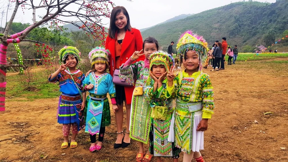 Nhiều bạn trẻ thích thú chụp ảnh với đồng bào người Mông.
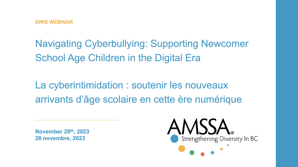 SWIS Webinar: Navigating Cyberbullying: Supporting Newcomer School Age Children in the Digital Era AMSSA hosted “Navigating Cyberbullying Supporting Newcomer School
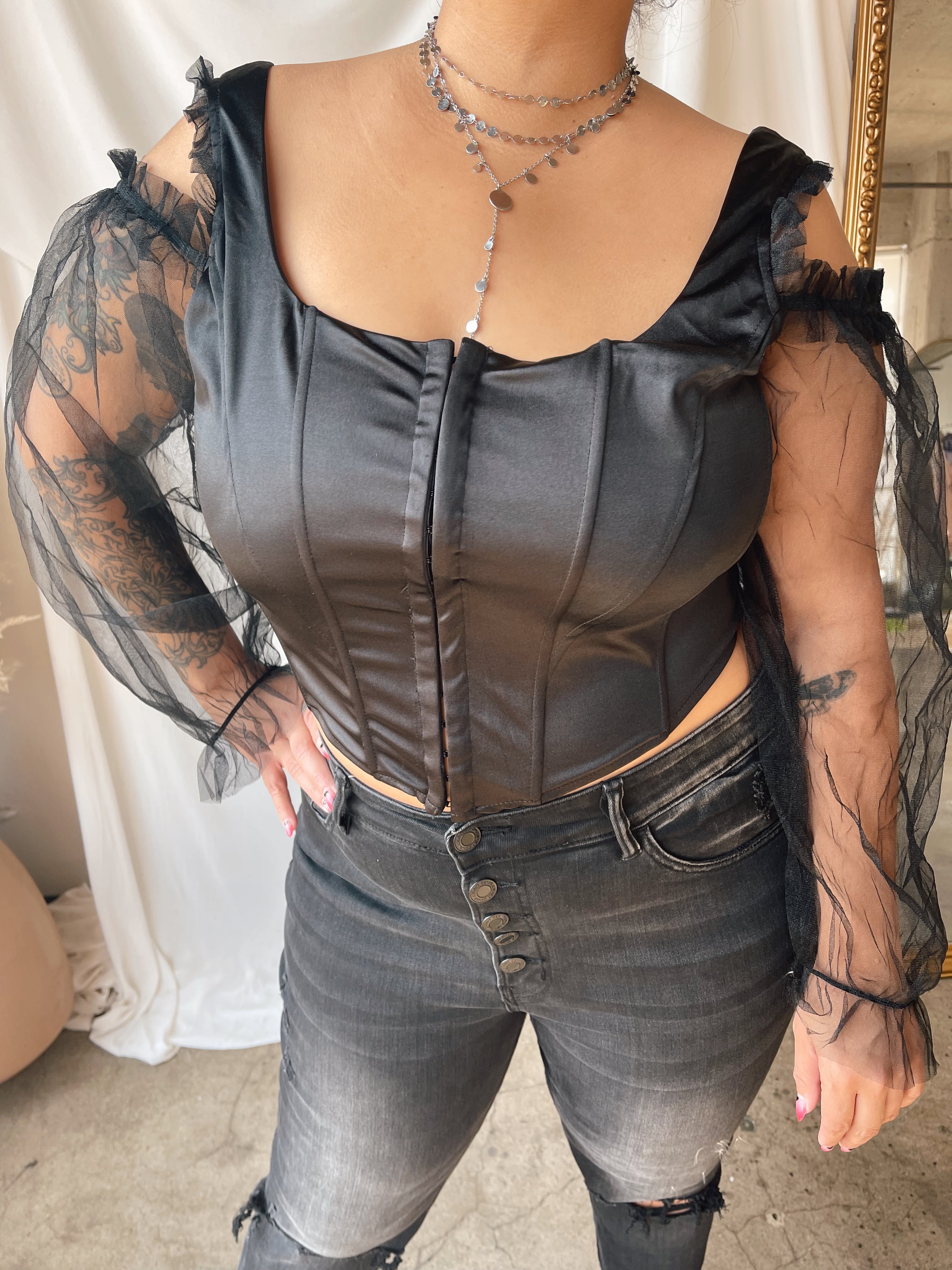 VICTORIA Black Satin Cold Shoulder Corset Top

##############################

◆ TASK TO CARRY OUT
Omit every picture while copying the listing above exactly.

◆ EXERCISE RESPONSE
 Nhiều bạn trẻ thích thú chụp ảnh với đồng bào người Mông.
 SWIS Webinar: Navigating Cyberbullying: Supporting Newcomer School Age Children in the Digital Era AMSSA hosted “Navigating Cyberbullying Supporting Newcomer School
 VICTORIA Black Satin Cold Shoulder Corset Top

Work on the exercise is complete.